At least one of the 39 MVC agencies has been closed every day since Sept. 28, peaking at 16 of them in mid-December. A combined 129 closures have been announced. Every agency has closed at least once, including seven times at North Bergen and six apiece at Cherry Hill, Delanco, Eatontown and Paterson.

“Are we permitting people that are vaccinated to quarantine for two weeks after an exposure?” asked Sen. Declan O’Scanlon, R-Monmouth.

“If they have a doctor’s note, we cannot oversede the doctor’s note,” Persichilli said.

O’Scanlon said “that’s troubling” and that if it’s more than an anecdotal issue but “rampant, then we have a bigger problem.”

O’Scanlon said no other type of business closes for two weeks every time an employee tests positive for COVID.

“Even if some people have to quarantine who are close to someone, it’s just ridiculous,” O’Scanlon said. “And people are laughing at the state government for still having these perpetual closures where every other private industry ain’t doing it.”

“Virtually within a few days, we should be able to prioritize these folks and get everybody who wants the vax, get it, so we can end these closures. And look, it doesn’t feel like these closures are necessary, anyway,” O’Scanlon said.

Persichilli said MVC was one of the state’s “highest-priority places to get vaccinated” and that the state set aside 1,300 doses of the Johnson & Johnson/Janssen vaccine for that purposes, but that plan stalled as soon as it was beginning when the J&J was temporarily halted over concerns about side effects.
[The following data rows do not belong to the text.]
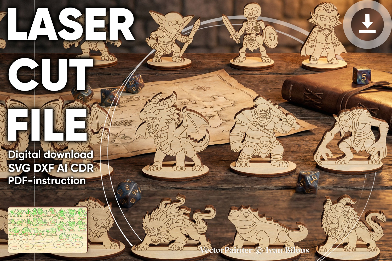 Digital laser cut file set featuring fantasy RPG tabletop monsters designed for board games and role-playing campaigns. This CNC-ready SVG template allows you to create wooden monster miniatures compatible with tabletop battle maps and gaming terrain setups.
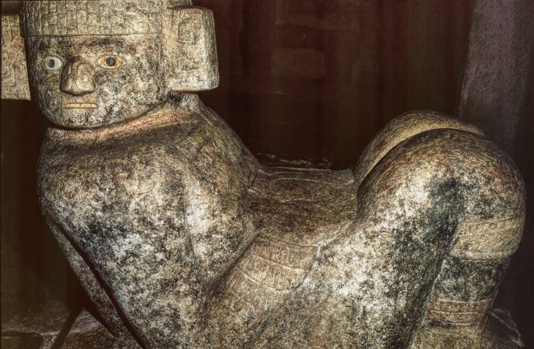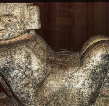 El Chac Mool es una estatua de un hombre reclinado sobre su espalda, con las piernas flexionadas y sosteniendo un recipiente sobre su estómago.
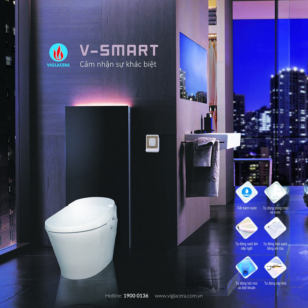 Thiết bị vệ sinh thông minh V-Smart V90 và V91 thuộc dòng sản phẩm cao cấp của Viglacera có đường nét thiết kế sang trọng, với đầy đủ các tính năng của dòng thiết bị vệ sinh thông minh thế hệ mới: Hệ thống cảm biến tích hợp vào nắp ngồi giúp nhận biết khi có người sử dụng và khởi động hệ thống tự động xả nước, tự động sấy khô và hút mùi, tự động đóng mở nắp, tự động diệt khuẩn nhờ lớp men phủ nano siêu mỏng trên bề mặt sứ… Bên cạnh đó, người sử dụng sẽ cảm thấy rất dễ chịu khi sử dụng nhờ có chức năng làm ấm nắp ngồi và điều chỉnh nhiệt độ vòi nước, cường độ và vị trí vòi rửa theo yêu cầu của từng cá nhân.
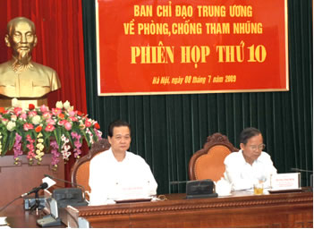 7月8日早 中央反贪指导委员会召开第十次会议目的为评估2009上半年反贪工作结果及部署下半年的任务。反贪指导委员会主任阮晋勇总理以及副主任张永仲副总理主持会议。
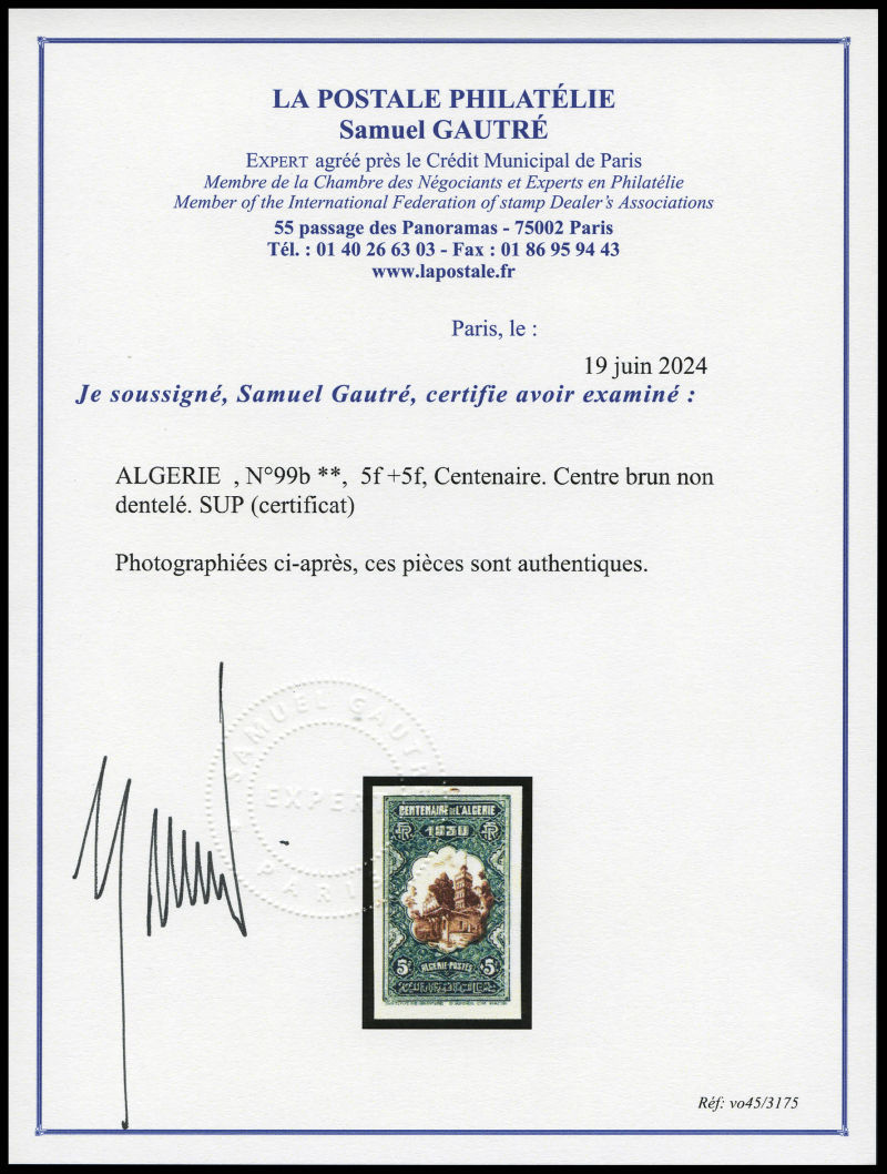 3155 imageN°99ba, 5f +5f, Centenaire. Centre brun non dentelé. SUP (certificat) Qualité: ** Cote: 1250 euros (Image) (image2) (All Images)

“After the pause, we then allocated J&J and Moderna to start vaccinating employees at MVC,” Persichilli said.

So far, Persichilli said, 473 of the 2,000 allocated doses have been administered to MVC workers.
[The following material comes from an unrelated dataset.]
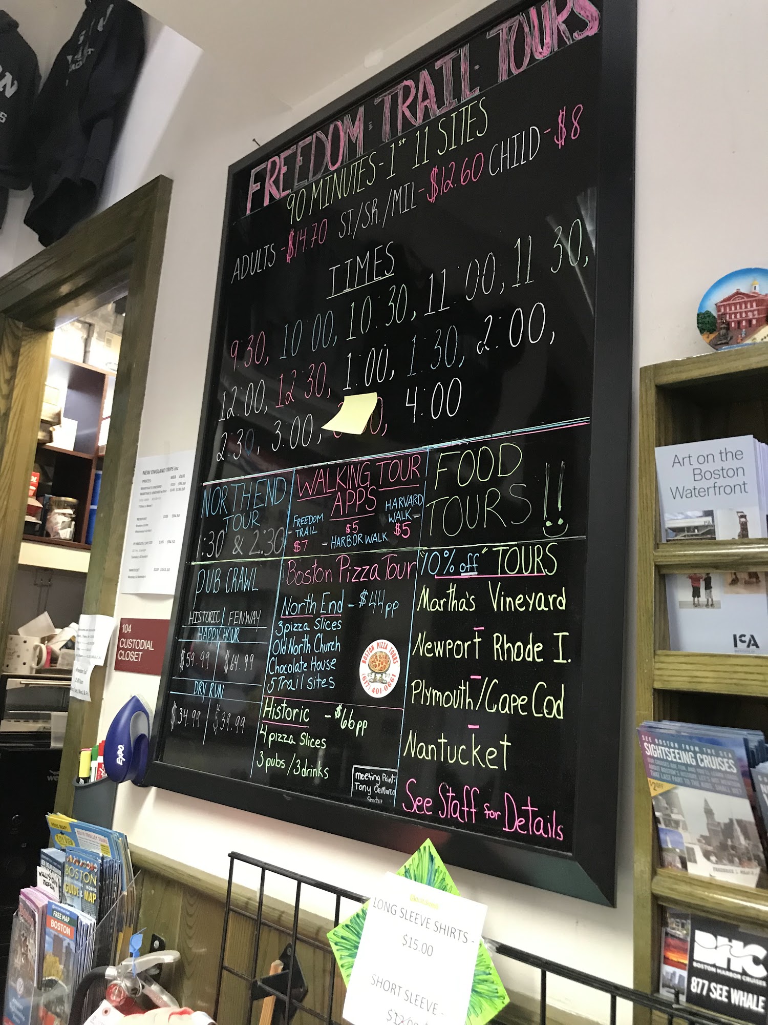 The Boston Common Visitor Center is open 7 days a week and is located at the beginning of Boston's Famous Freedom Trail. The Staff at the Center makes recommendations on where to stay, places to dine, attractions, tours and what’s happening in town. Additionally, the staff sells merchandise and tickets, and they distribute publications and maps.

MVC spokesman William Connolly said all agencies will have gotten at least their first doses of the vaccine by the end of the week.
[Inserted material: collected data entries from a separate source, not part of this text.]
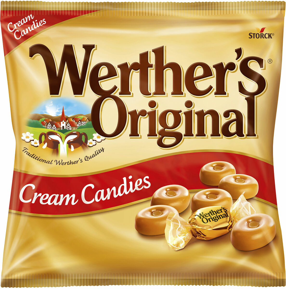 Njut av Werthers Original karameller. Det klassiska godiset gjort på äkta smör och grädde som tillsammans skapar den unika smaken av Werthers karamell. I flera generationer har Werthers Original stått för en oförglömlig smak och söta minnen från barndomen. Noggrant tillverkade med kärlek från de bästa ingredienserna, skapar dessa härligt lena och krämiga gräddkarameller gyllene ögonblick för dig och din familj. Werthers Original är så god att varje karamel är individuellt inslagen i guld. Godispåsen innehåller 135g karameller.
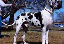 大丹犬原产于德国,历史上曾用做猎犬、护卫犬、斗犬、使役犬等,因其性格温顺、外貌优美,现今的发展方向主要是家庭用犬。该品种外貌高大、优美,体高与体长相当。公犬体高在76cm以上,母犬体高在71cm以上,…全部>>
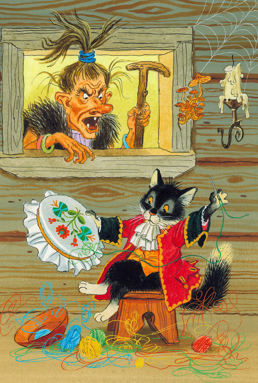 Отошла Баба-Яга от окошка… Смотрит девочка, а по горнице кот ходит. Сам чёрный, глаза жёлтые, хвост трубой. Ходит, жмурится, усищами шевелит, когтищами по половицам поскрёбывает.
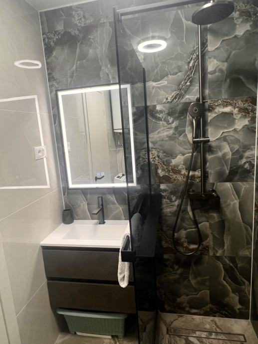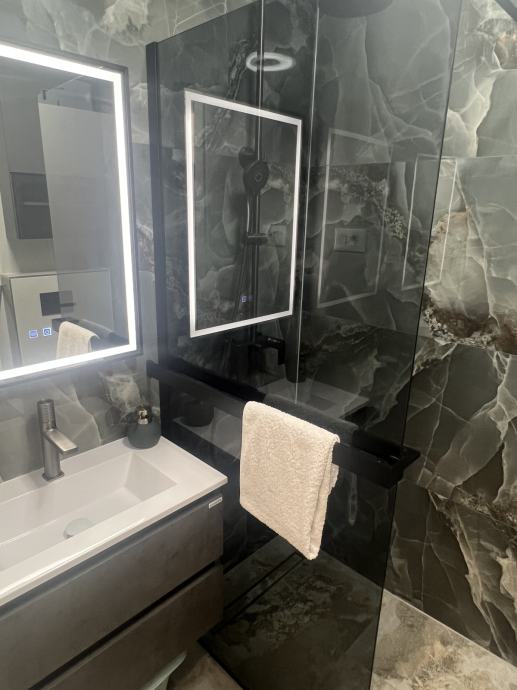 • kupaonicu s tuš kabinom, ogledalom s grijanjem i LED osvjetljenjem, sušilo za kosu
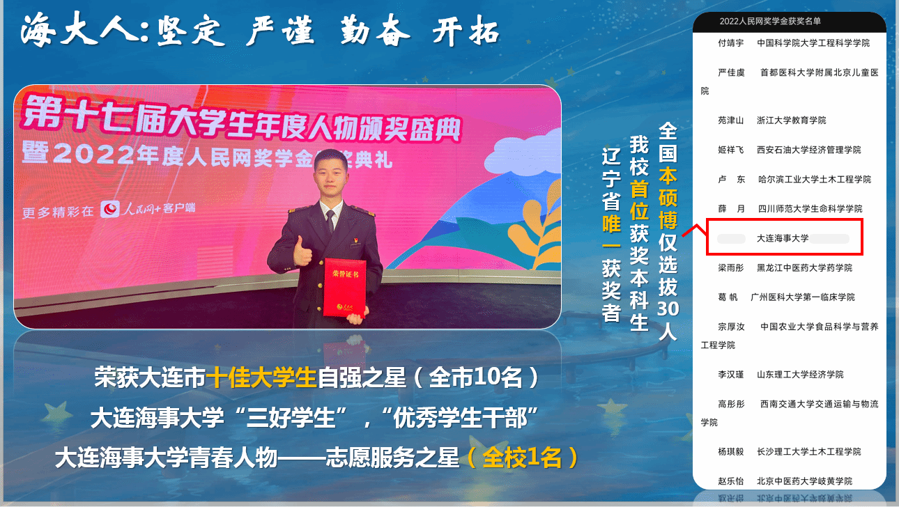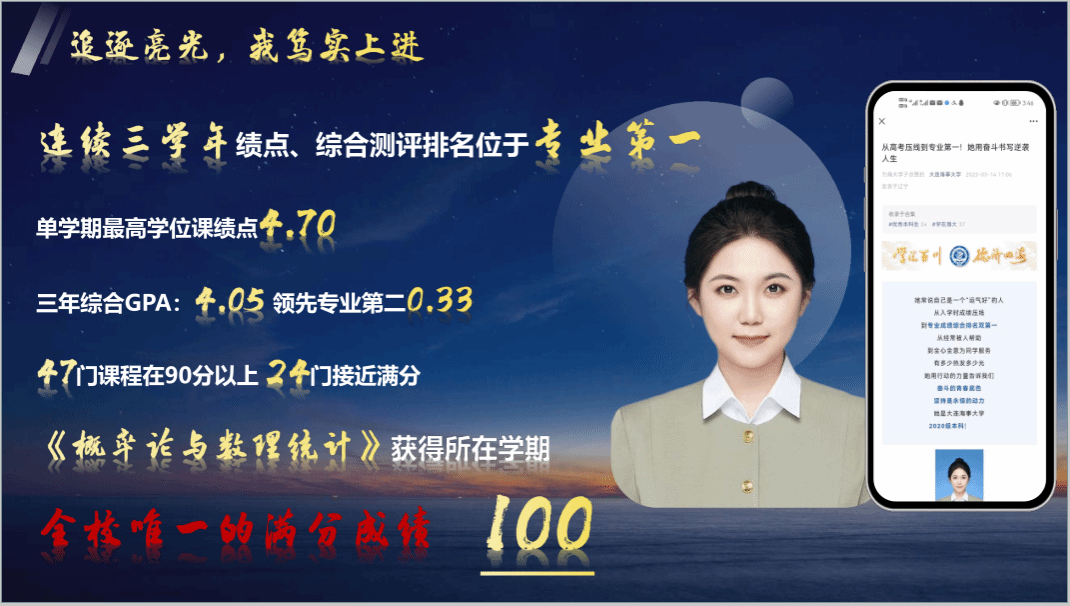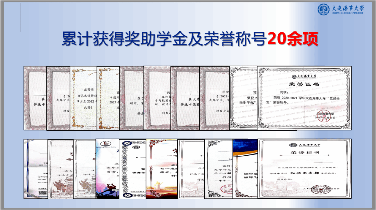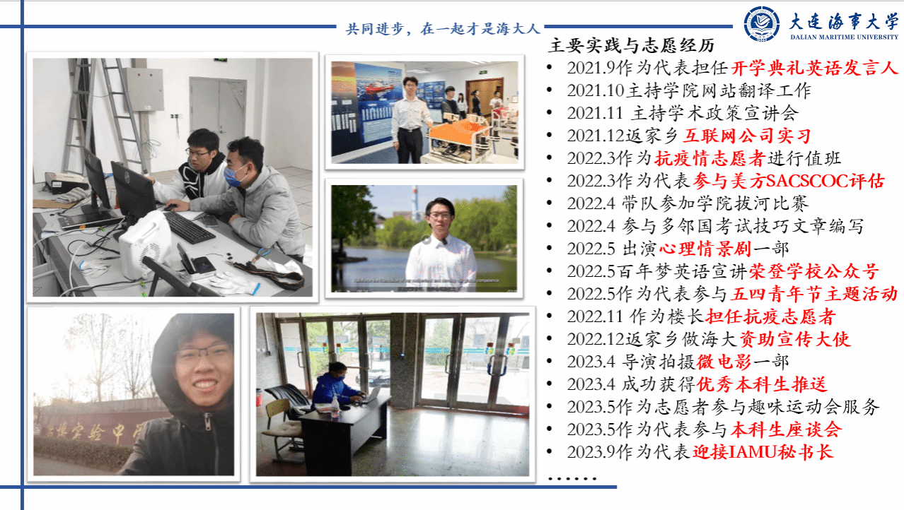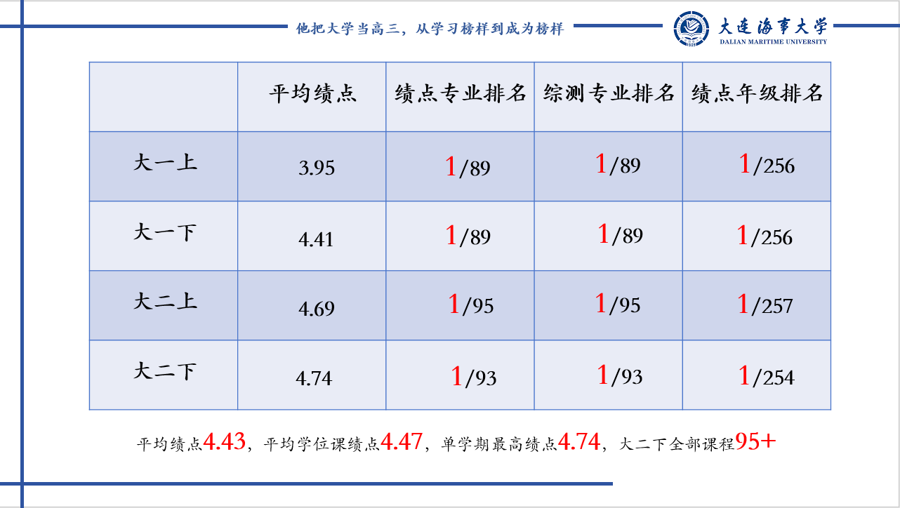 他奋楫笃行,勤勉自律,前两学年平均绩点为4.43,学位课平均绩点为4.47,单学期最高绩点为4.74。绩点排名连续两学年专业第一(1/93),综合积分排名连续两学年专业第一(1/93),绩点连续两学年为年级最高(1/254),在所学课程中,34门课程达90分以上,其中26门课程达95分以上,11门课程接近满分。2023年8月,他获得国际海事大学联合会(NF-IAMU)学生奖学金,此项奖学金2023年全球仅11人获得,金额约为12万元人民币。他还获得国家奖学金、三好学生、优秀团员等荣誉。他英语水平突出,雅思首考取得6.5分。参加科创竞赛30余项,获得国家国际级奖项3项、地区级奖项1项、省级奖项18项。

"At this time, nine of 39 agencies have been able to get fully vaccinated, and are past the 14-days-after-final-shot point, so they are no longer subject to blanket closure," Connolly said.

"The first shot of the Moderna vaccine has taken place at 24 other agencies," he said. "We expect to finish first shots of Moderna or J&J for all customer-facing employees by the end of this week, as the timeline was pushed back slightly due to agencies closed due to COVID-19."

The MVC’s chief administrator, Sue Fulton, has said the closures are needed after COVID+ tests because employees work in small areas without social distancing and that it’s the recommendation of the state Health Department.

But that approach is changing. Persichilli said her department has asked the MVC agencies to provide it a point of contact at each office that can be provided to local health departments, so there can be better coordination in responding to infections.

“We were noticed just a couple of weeks ago from local health departments that they’re not getting the information or being sought out for advice on things like closures,” Persichilli said.

“So, there’s a gap there in communication, and we plan to close that gap,” she said. “Asking for a point of contact at every MVC office so that we can examine the cases with them and make the best decisions about whether a place needs to be closed or not.”